All times are CEST.
Time | Content | |
---|---|---|
09:00 – 09:10 | Opening | |
09:10 – 10:00 |
Keynote presentation:
Monitoring and anomaly detection in CINECA’s supercomputing facility Daniele Cesarini (CINECA, Italy) |
|
10:00 – 10:30 |
Paper presentation:
Automatic Detection of HPC Job Inefficiencies at TU Dresden’s HPC center with PIKA Frank Winkler and Andreas Knüpfer (TU Dresden, Germany) |
|
10:30 – 11:00 |
Paper presentation:
A Fast Simulator to Enable HPC Scheduling Strategy Comparisons Alex Wilkinson (UCL, United Kingdom), Jess Jones, Harvey Richardson, Tim Dykes and Utz-Uwe Haus (HPE, United Kingdom) |
|
11:00 – 11:30 | Coffee break | |
11:30 – 12:00 |
Invited talk:
Current and Future Monitoring at GWDG to Ensure Performant and Secure Operation Hendrik Nolte (GWDG Göttingen, Germany) |
|
12:00 – 12:30 |
Paper presentation:
ML-based methodology for HPC facilities supervision Laetitia Anton, Sophie Willemot , Sebastien Gougeaud (CEA, France) and Soraya Zertal (Univ of Versailles, France) |
|
12:30 – 12:55 |
Panel / participant discussion:
MODA as the foundational component of data center digital twins Utz-Uwe Haus (HPE, Switzerland) |
|
12:55 – 13:00 | Closing |
Keynote presentation:
Monitoring and anomaly detection in CINECA’s supercomputing facility
Daniele Cesarini (CINECA, Italy)
Supercomputer facilities place great importance on achieving energy efficiency and data center automation as crucial objectives in their research and deployment agenda.
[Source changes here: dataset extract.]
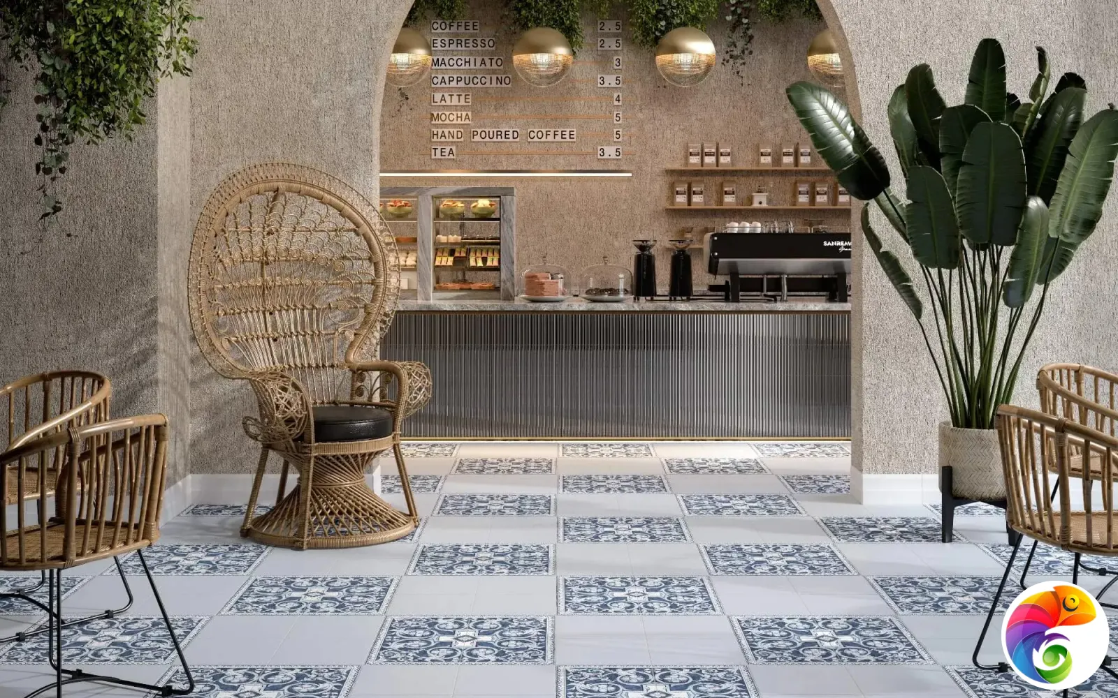 Декоративные элементы, аналогичные по цвету настенной плитке, предлагаются и для напольной укладки. Керамогранит 30×30 см с узорчатым рисунком образует экзотический ковёр. На полу его можно сочетать с белым керамическим гранитом серии «Гармония».

As modern high-performance computing systems become increasingly complex, automated and data-driven methodologies become essential to manage and maintain system availability. At CINECA, we have developed a comprehensive and adaptable monitoring framework, known as Examon, which monitors HPC systems and critical facility infrastructures. We are particularly focused on assessing the feasibility of using machine-learning for job scheduling, power prediction, and deep-learning for anomaly detection of compute nodes. In this presentation, we will discuss the latest advancements of Examon and how CINECA leverages this tool in production on large-scale HPC systems and supercomputing facilities.